Adults average between 40 and 70 cm in total length (body + tail), with a maximum total length of 108 cm being reported. Females are usually larger than males. These snakes can attain a considerable weight relative to their size, with specimens sometimes exceeding 500 g.

The head is broad, flat, distinct from the neck and covered with small, imbricate scales. The snout is short and rounded. The nostrils are positioned dorsolaterally and have valves. The nasal scale is unbroken. The rostral scale is small and wide. The eyes are medium in size with vertically elliptical pupils. There are 15-20 interocular scales and 15-20 circumorbitals. The supraorbital hornlike structure above each eye consists of small, imbricate scales and is also present in juveniles. There are 11-14 supralabials and 13-17 sublabials. 2-4 rows of small scales separate the supralabial scales from the suboculars.

The body is covered with weakly to strongly keeled dorsal scales.

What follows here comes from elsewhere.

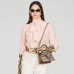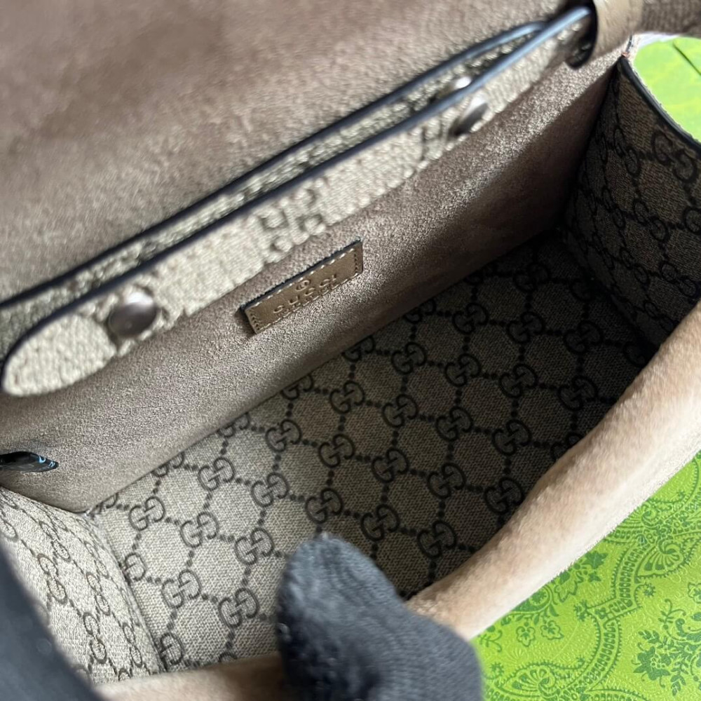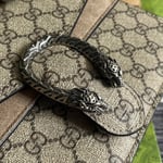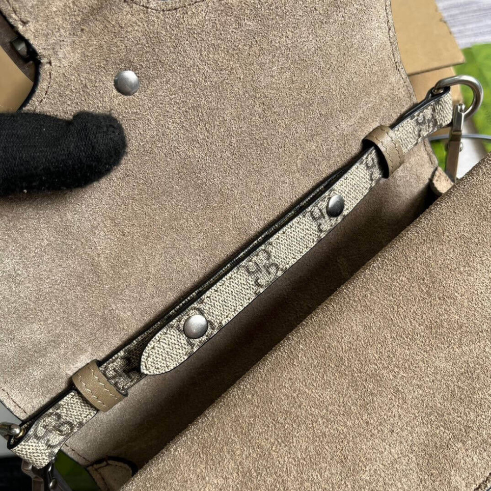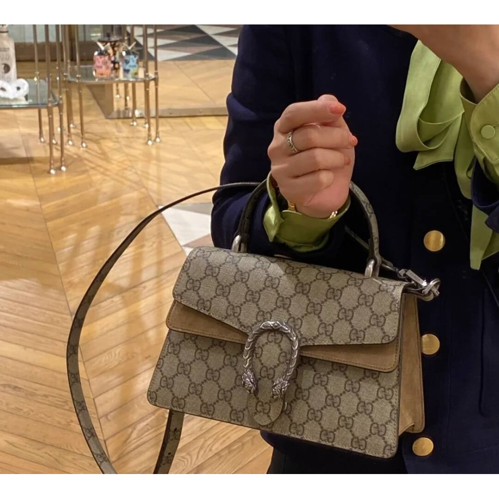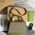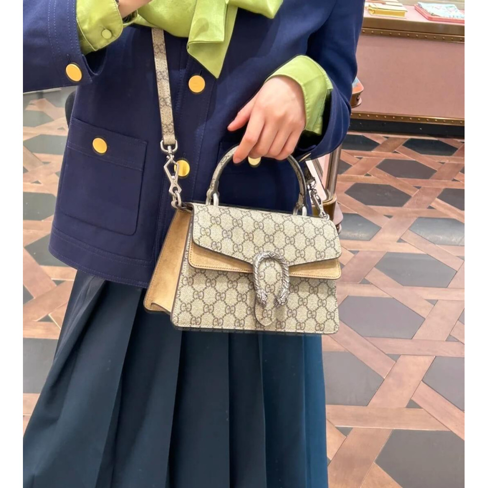 A structured GG Supreme canvas top handle bag appears beige and ebony with subtle taupe suede trim. The textured tiger head closure defines the front as a unique hardware detail.

On many of these, the keel terminates before the end of the scale and forms a bump. Many others form a point. At midbody, there are 21-25 scale rows, none of them oblique. There are 134-163 ventral scales and 35-50 paired subcaudals. The tail is short.

==Common names==
Persian horned viper, false horned viper, Persian horned desert viper, eye-horned viper.
==Etymology==
The species name comes from where it is most usually found, Persia (present-day Iran), and the hornlike structures above its eyes.

==Geographic range==
Pseudocerastes persicus is found in Iran, Pakistan, Afghanistan, northern Oman, the United Arab Emirates, Jordan, and throughout Mesopotamia.

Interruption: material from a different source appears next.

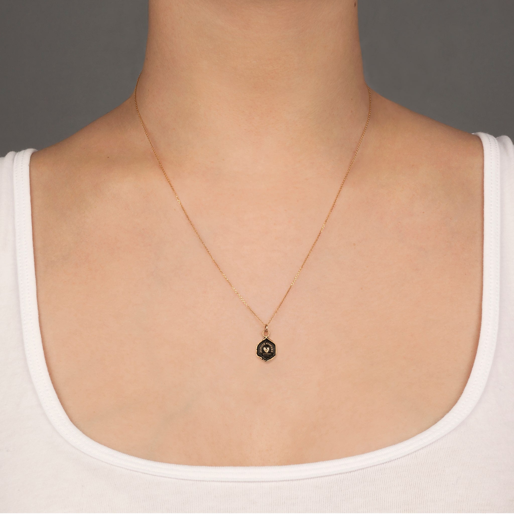 - 14k gold talisman available with or without a 14k gold or black sterling silver chain

The type locality is listed as "Perse" (= Persia).

==Habitat==
This species likes sandy (but not sand dune) or basalt and limestone rock desert and hill country, usually with some vegetation. It tends to avoid areas of human habitation.

==Behavior==
These snakes are generally rather slow-moving and may employ various methods of locomotion, including sidewinding, serpentine, and rectilinear. They are also terrestrial and almost totally nocturnal, only being seen during the day or early evening during colder periods. It is not particularly aggressive, but will hiss loudly when disturbed. It is not capable of sinking into the sand vertically like Cerastes.
These feed mainly on lizards, small mammals, mice and occasionally small birds and arthropods, but will also eat dead food.

==Reproduction==
It is oviparous, and sexually mature females lay 11-21 eggs. When produced, these already contain well-developed embryos, each of which can be as much as 8.5 cm in total length. As a result, they hatch after only 30–32 days at 31 °C and then measure 14.0 to 16.2 cm in total length. They do well in captivity and are relatively easy to breed.

==Venom==
Pseudocerastes persicus venom exhibits strong hemorrhagic activity typical of most vipers. No antivenom is available for bites from this species, although it is reported that a polyvalent antiserum does offer some protection.